При такой совершенно отвлеченной чистоте протяженности, т. е. неопределенности и пустоте представления, безразлично, называть ли эту отвлеченность пространством или чистым воззрением, чистым мышлением; все это есть то же самое, что индус, внешним образом неподвижный, без движение чувства, представления, фантазии, желания и т. д. из года в год взирающий на кончик своего носа, повторяющий про себя лишь ом, ом, ом, или даже не говорящий ничего, называет брамою. Это глухое, пустое сознание, понимаемое, как сознание, – и есть бытие.
В этой пустоте, говорит далее Якоби, перед ним находится противоположность того, что по уверению Канта, должно находиться; он находит в нем себя не многим и разнообразным, но единым, без всякого множества и разнообразия; именно «я есмь сама невозможность, уничтожение всякого разнообразия и множества, – я не могу из своего чистого, совсем простого, неизменного существа восстановить вновь хотя что-либо или создать в себе хотя какой-либо призрак; таким образом в этой чистоте всякое внеположение и сосуществование, всякое основанное на нем разнообразие и множество обнаруживается, как чистая невозможность».
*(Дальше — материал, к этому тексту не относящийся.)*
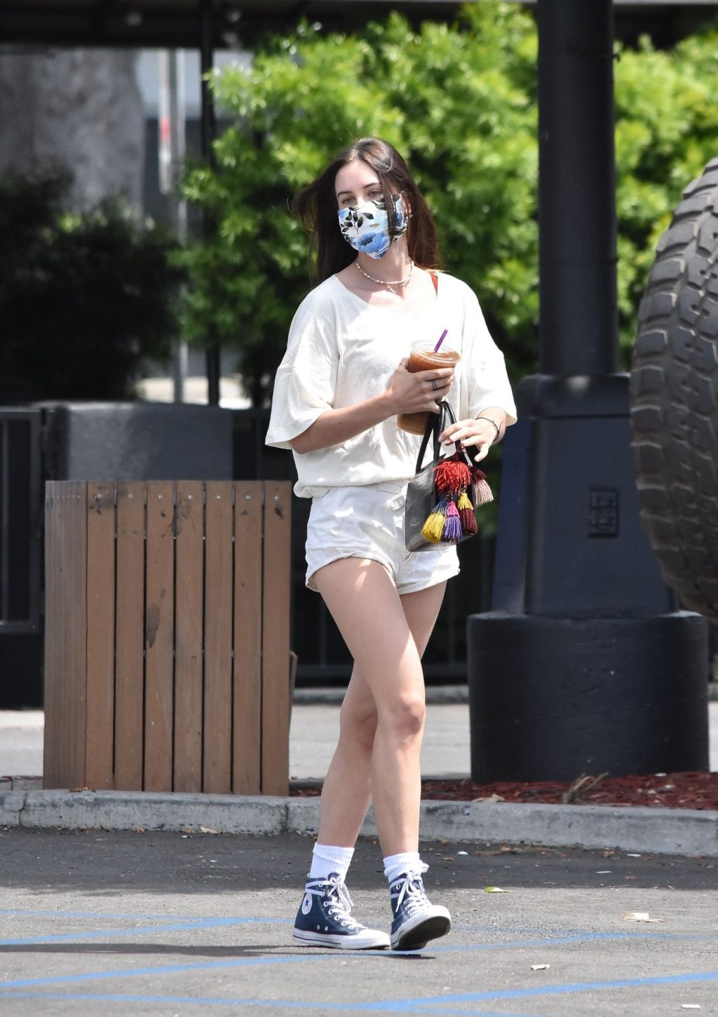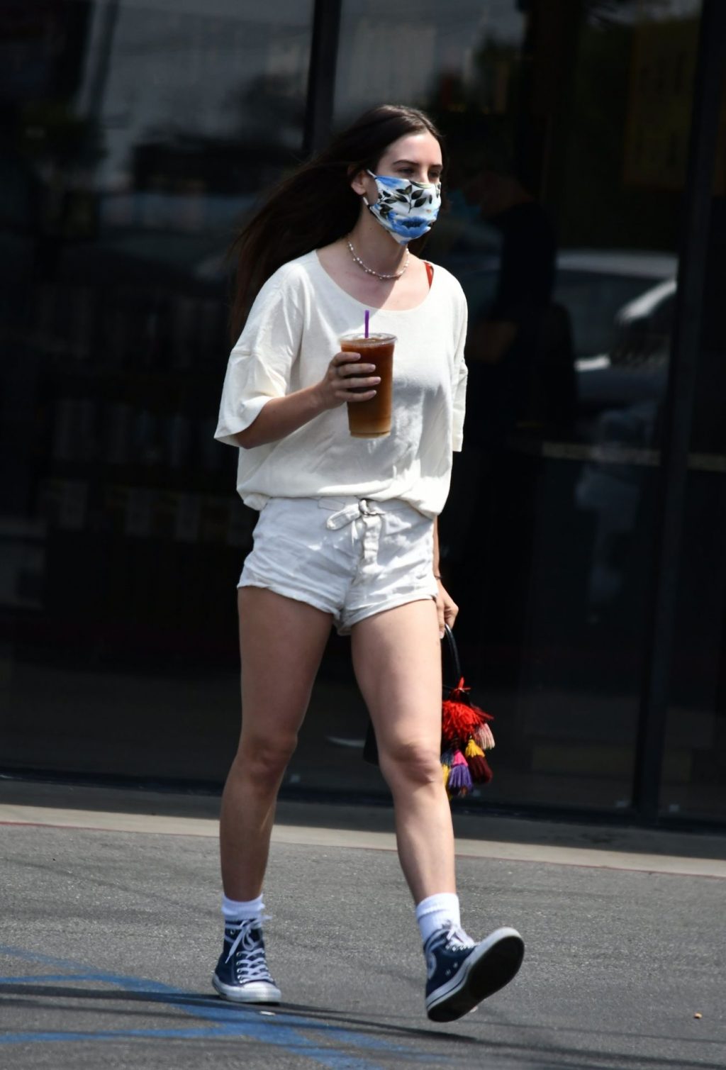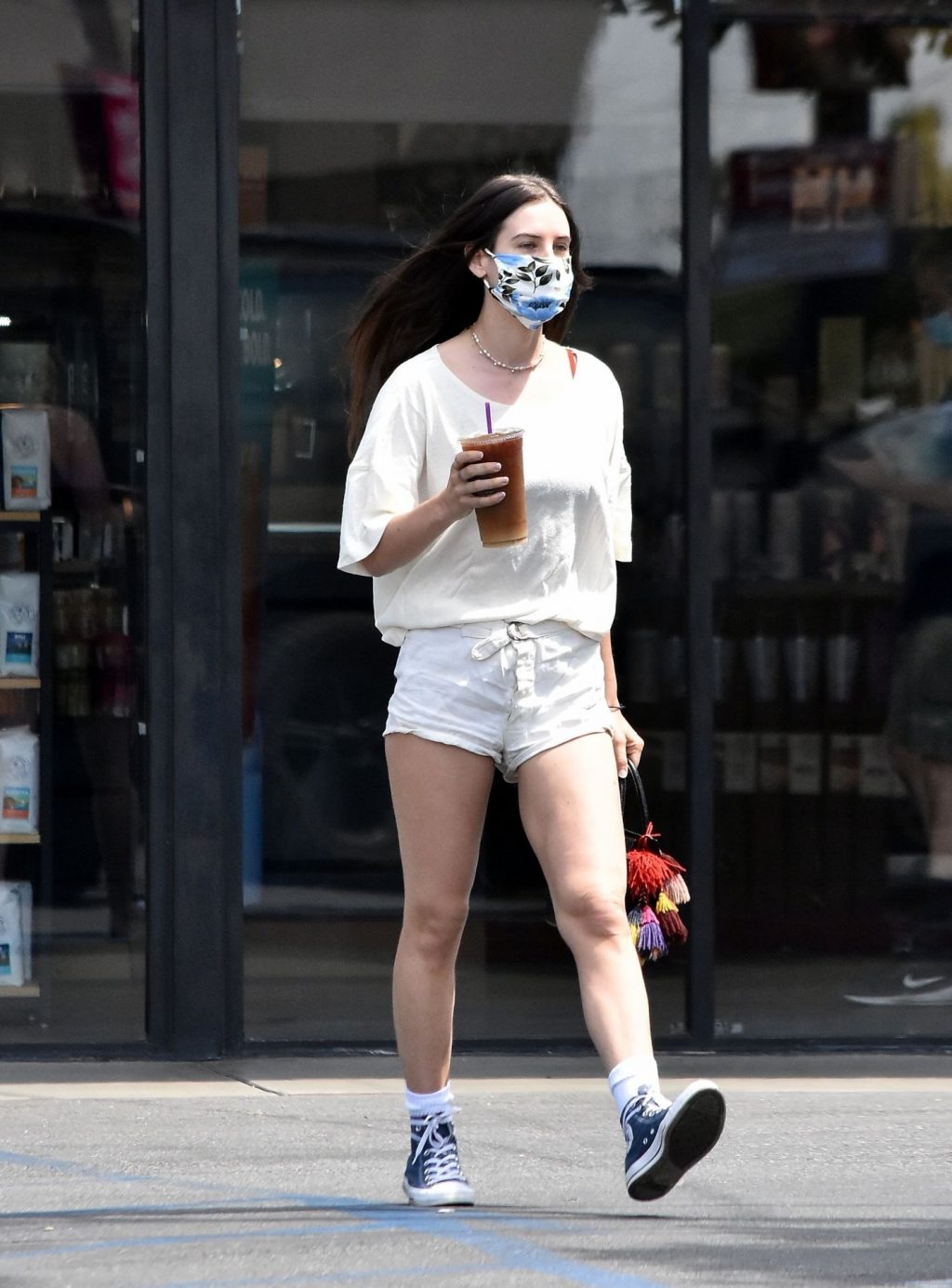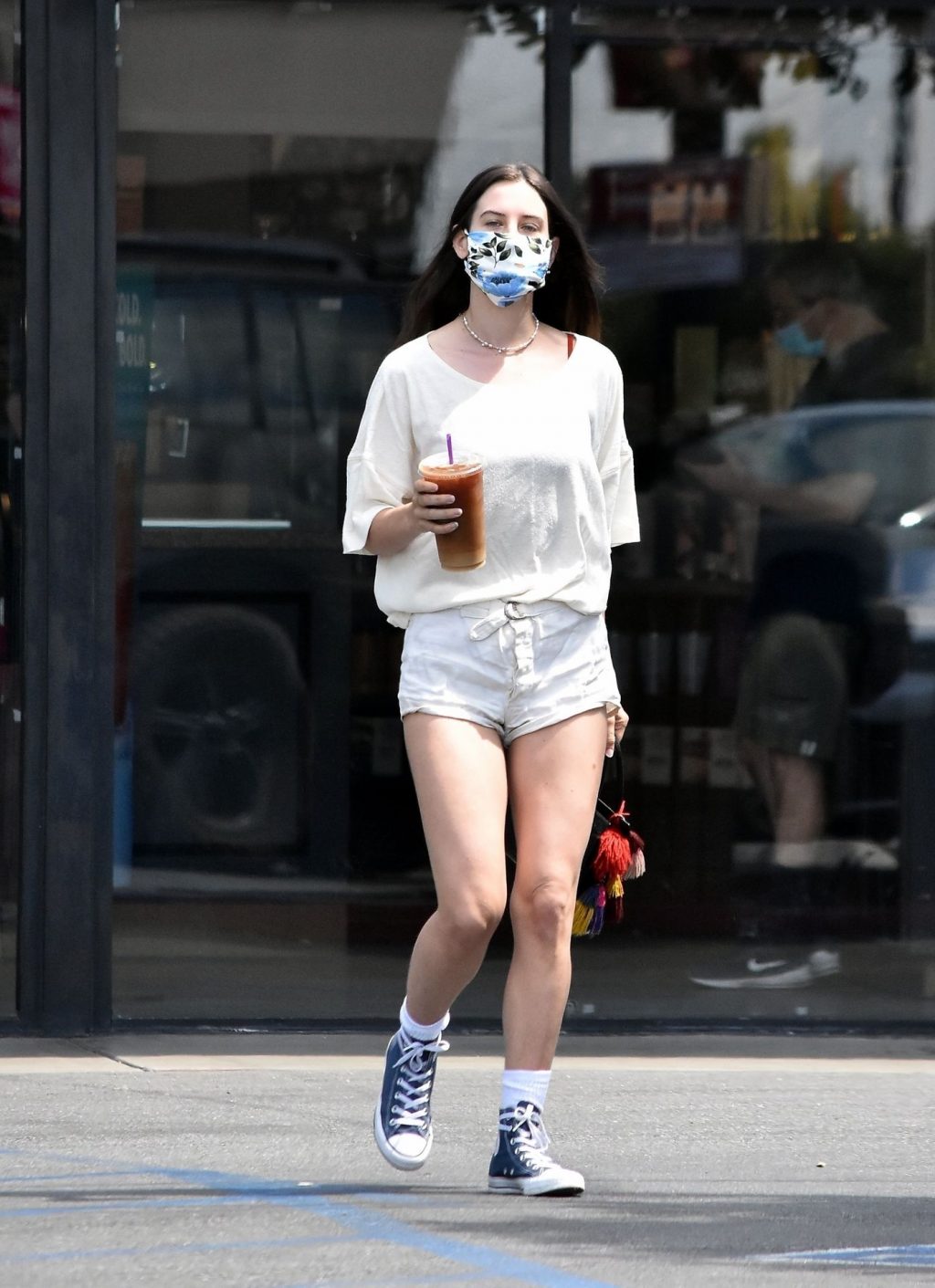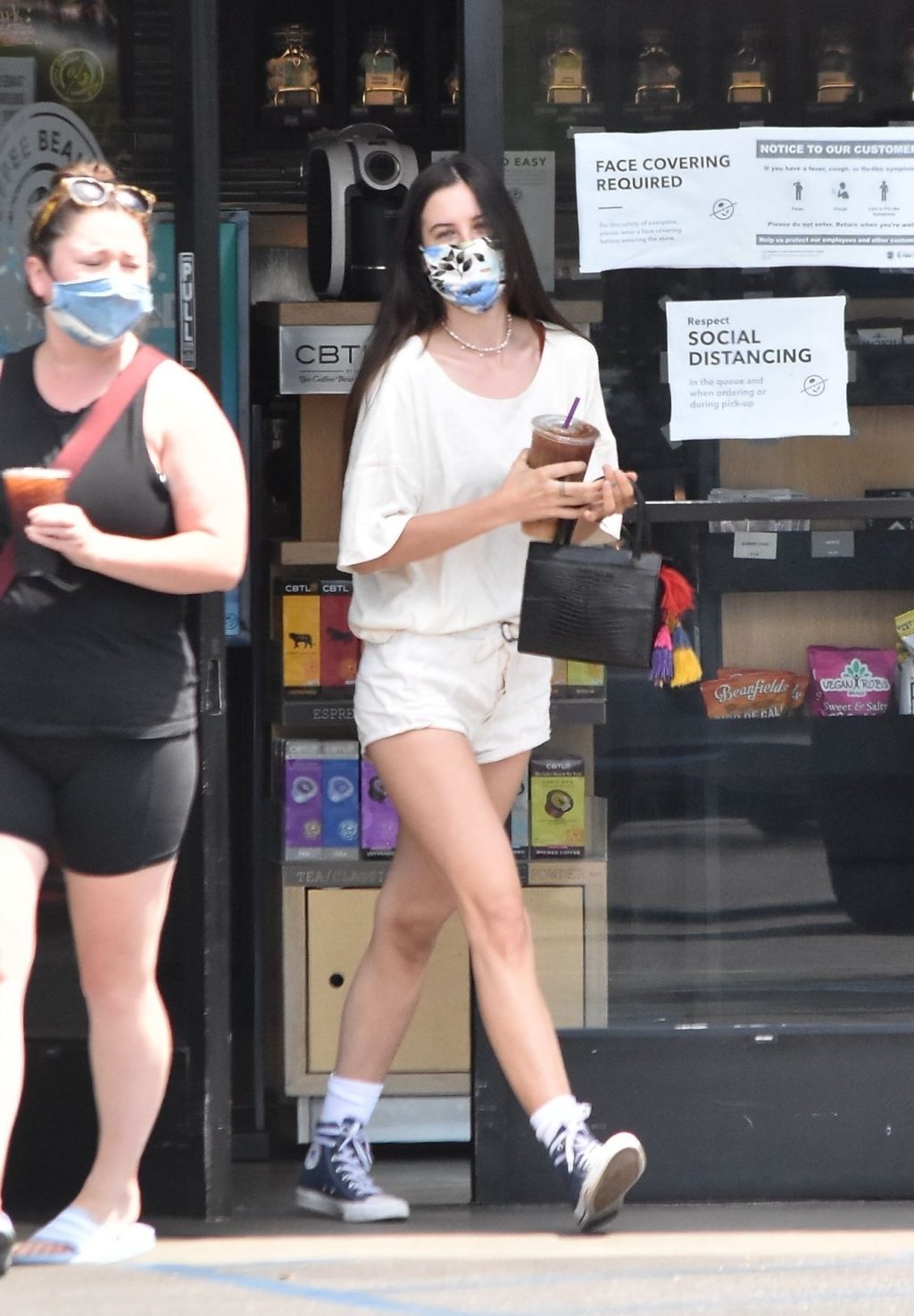 Длинноногая Скаут Уиллис замечена, когда делает остановку в местном Coffee Bean & Tee, чтобы взять холодный кофе в Лос-Фелисе, 12.06.2020. Скаут использовала милую маску с цветочным принтом во время своей кофейной прогулки.

Эта невозможность есть не что иное, как тавтология; я твердо держусь за отвлеченное единство с исключением всякого множества и разнообразия, за неразлимое и неопределенное, и отрешаюсь от всего различимого и определенного. Кантовский синтез самосознания а priori, т. е. та деятельность этого единства, посредством которой оно порознивается и сохраняется в этом порознении, испаряется у Якоби в такой отвлеченности. Этот «синтез в себе», «первоначальное суждение» он превращает односторонне в «связку в себе – в есть, есть, есть, без начала и конца и без что, кто и какое. Это идущее в бесконечность повторение есть единственное занятие, функция или произведение чистейшего синтеза; последний сам есть само простое, чистое, абсолютное повторение». Или на самом деле, так как в нем нет никакого перерыва, т. е. никакого отрицания, различения, то он не есть повторение, а лишь неразличенное, простое бытие. Но остается ли он еще синтезом, коль скоро Якоби опускает именно то, что делает единство единством синтетическим?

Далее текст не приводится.